Parenting Shy Kids
Children each have unique personalities. Some are little social butterflies, making friends easily and having many. Others are quieter and more reserved, slow to warm up and preferring one or two close playmates. Charlotte Reznick, PhD, an educational psychologist, associate professor at UCLA, and author of The Power of Your Child's Imagination: How to Transform Stress and Anxiety into Joy and Success, offers some great advice for parents who are concerned that their child may be too shy.
shyness isn't abnormal
The most important thing to realize is that, absent a traumatic event that might lead to withdrawn behavior, most children who are shy just have quiet temperaments; there is nothing "wrong" with them! Some children are simply shy, and as they get older, they break out of their shells on their own.
Shy children are usually very in touch with their own feelings and self-reflective. They are oftentimes good writers, and interested in psychology and philosophy as they get older. Encourage them to write out their thoughts and feelings from a young age.
Reznick cautions parents against saying to children, "Don't be so shy!" Even telling other adults that your child is shy in front of her can be harmful. Labeling children can make them feel as though they need to fulfill the label.
Instead, Reznick suggests being positive. "Children have the answers," she says, "and as parents or caretakers, it's our job to help them find those answers." One way to do this is by positively reminding your child of her past successes. For example, before a birthday party, ask, "Do you remember last month, when you went to Suzie's party, and you played with the other kids and had such a great time? Do you think you want to do that again today?" Discuss the scenario with your little one and encourage her with positive reinforcement.

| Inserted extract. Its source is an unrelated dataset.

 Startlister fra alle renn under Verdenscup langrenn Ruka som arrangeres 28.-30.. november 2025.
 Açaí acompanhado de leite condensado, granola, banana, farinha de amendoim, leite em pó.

Reznick notes that if you ask a child why she's shy, she'll usually give the standard answer: "I dunno!" If you instead use imagery and ask your child questions, you can make progress. For example, suggest to your little one that she close her eyes and visualize. Create a scenario and ask how it makes her feel. If she feels fear or worry, have her envision bravery and confidence. Have her imagine those feelings taking over her body. As abstract as that can sound to an adult, it can really help a child.

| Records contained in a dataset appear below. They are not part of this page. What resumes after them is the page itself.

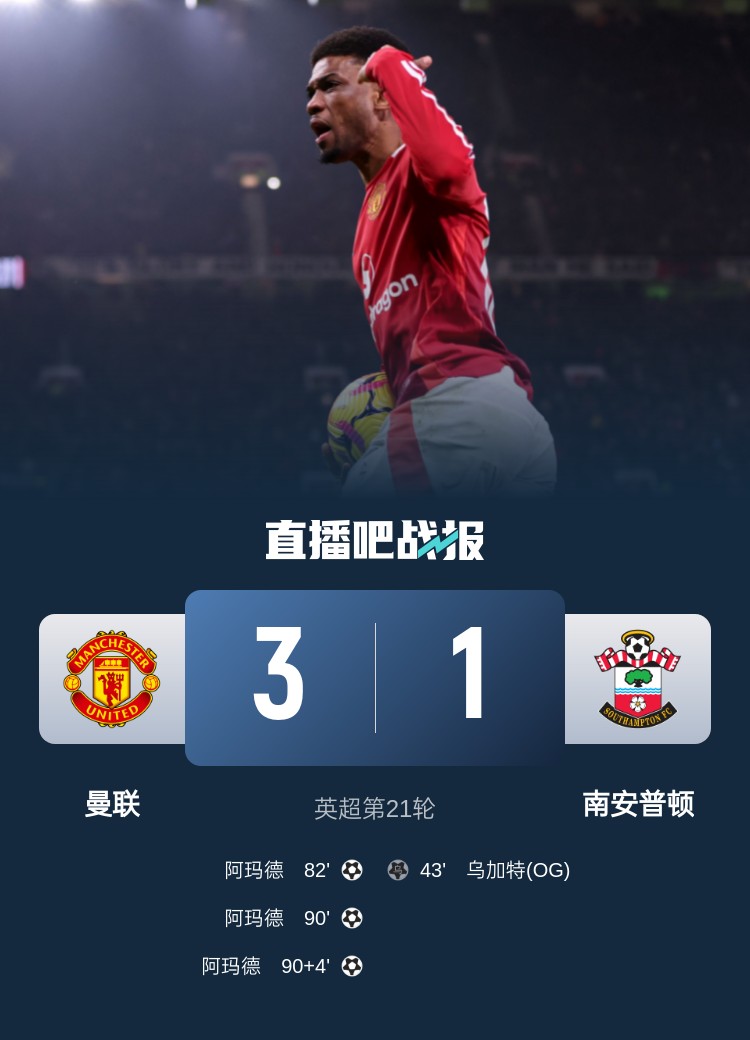 英超第21輪,南安普頓一直到81分鐘還保持1-0領(lǐng)先,隨后阿瑪德連進(jìn)三球逆轉比賽。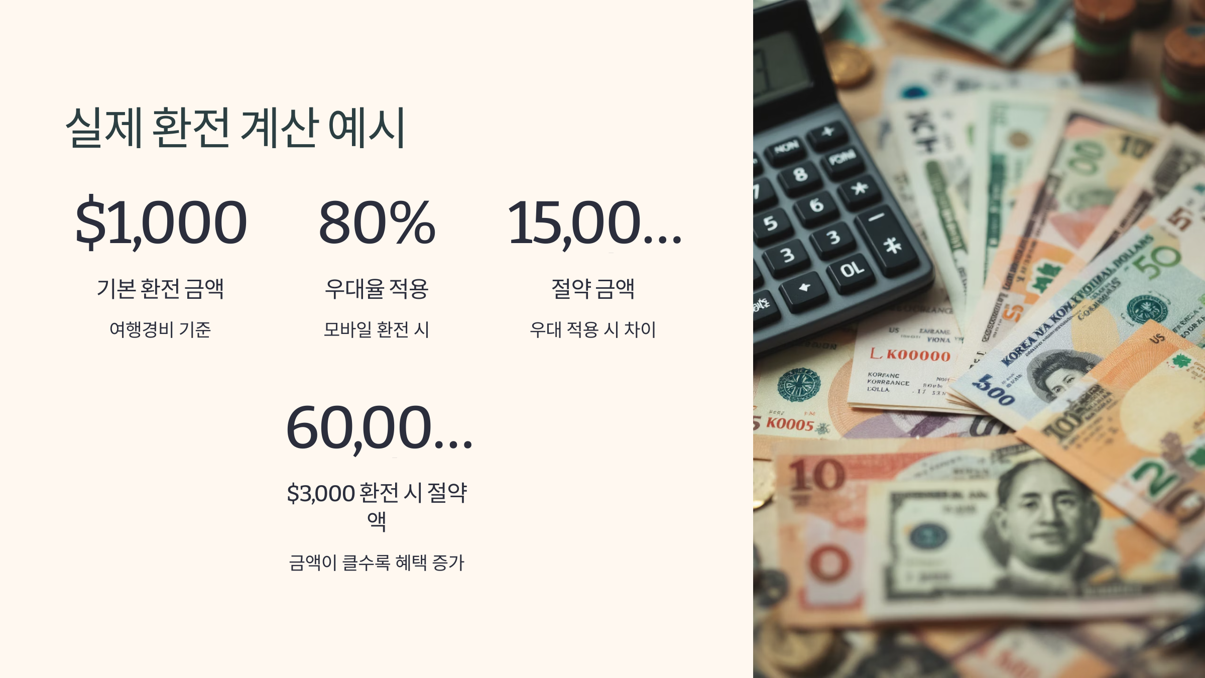 | $1,000 환전 | 1,360원 | 1,345원 (우대 80%) | 15,000원 절약 |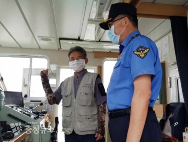 추석연휴 안전관리 강화와 함께 치안현장을 찾은 윤태연 서장이 여객선 팔봉산호 박재순 선장(64세)의 현장의견을 청취하고 있다. (출처=태안해양경찰서)

Remember that being shy is generally not a problem for children who are in elementary school or younger. Reznick explains, "Some children are outgoing and have a lot of friends; others are more timid and are happy with one or two close playmates." If your child is unhappy about his shyness, then there is certainly cause to work with him. And if your little one seems to be more than just shy and is exhibiting signs of social anxiety -- which can cause physical symptoms such as stomach aches, headaches and inability to sleep -- professional assistance may be warranted.
Otherwise, work positively with your child as much as you feel will be beneficial. Use your parental instincts. Nobody knows your child like you.